Among the referees who have had 15 or more games, A Taylor, C Pawson, M Dean, and S Attweel have showed more than 4 cards per game on average. Players should keep that in mind. Please note that the number of games is actually half of the "count" in the dataframe above because in the original dataset, there are two rows for each game. One row is from the home team side and the other is from the away team side.

### Liverpool

Liverpool is having a spectacular season. They have collected 82 points of possible 87 points in the season so far.

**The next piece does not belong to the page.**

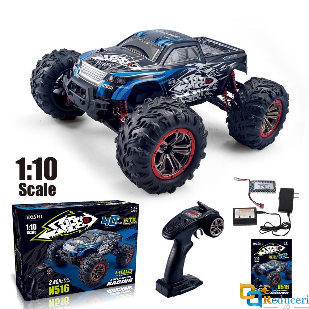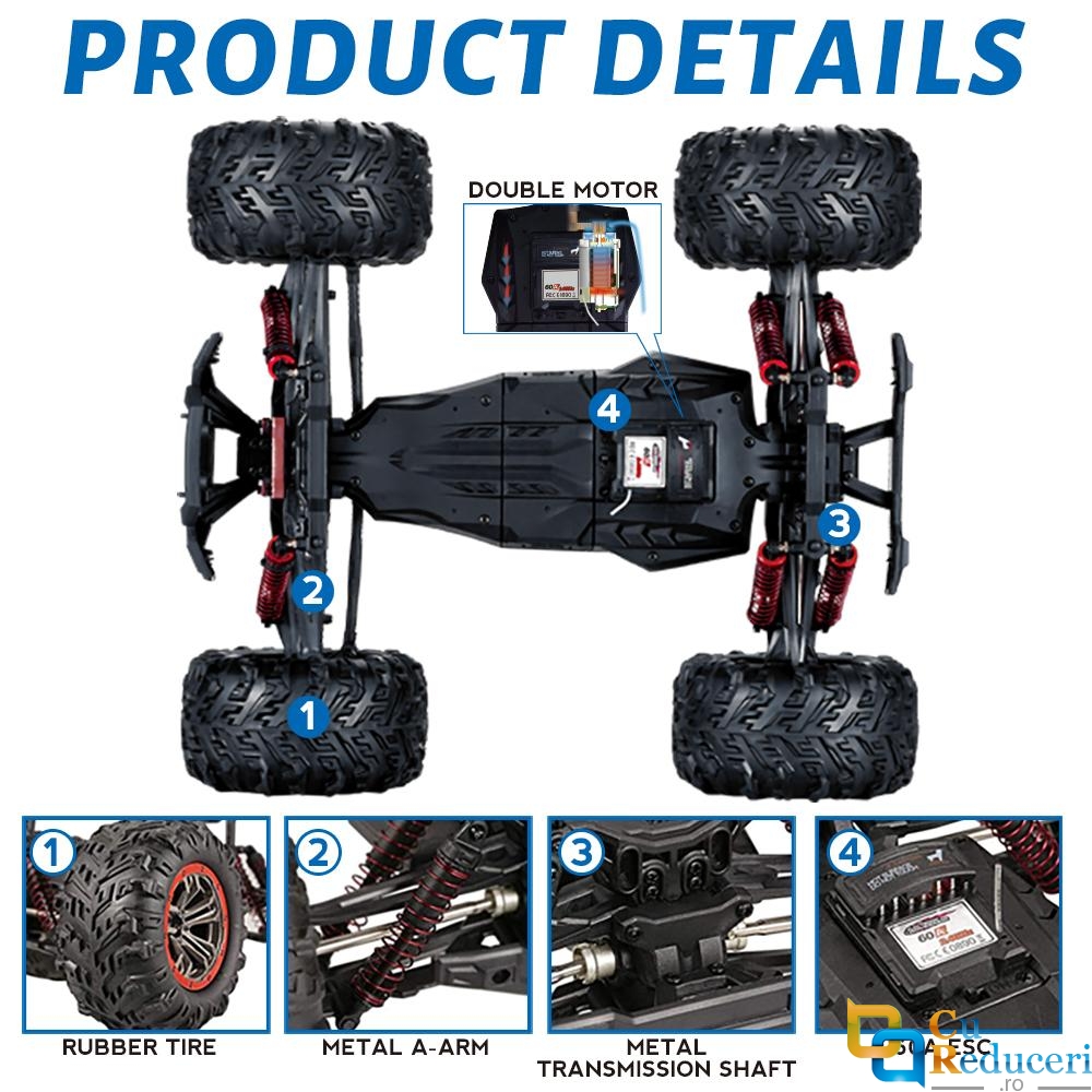 Rezistent la apa, rapid, motor de putere mare, controler electronic periat (cu baterie cu litiu de 7.4V 1600mAh), sistem puternic de alimentare care face masina sa functioneze continuu 10-15 minute.

Let's check a few stats about their home and away performances because their stadium, Anfield Road, push the players even more to increase their performance.

In [None]:
liv = df_epl[df_epl.teamId == 'Liverpool']
liv.shape

In [None]:
print("Home shots \n {} \n".format(liv[liv.h_a == 'h'][['HS.x','HST.x','HtrgPerc']].mean()))
print("Away shots \n {} \n".format(liv[liv.h_a == 'a'][['AS.x','AST.x','AtrgPerc']].mean()))

Shots, shots on target and shot accuracy are higher in home games which I'd like call "Anfield Road" effect.

There are many more performance metrics we can come up with regarding team, player, and referee performances. I have tried to cover some interesting criteria in football. Pandas provides many useful and easy-to-use functions and methods for exploratory data analysis. Visualizations are also great tools to explore the data.

Thanks for reading. Pleae let me know if you have any feedback.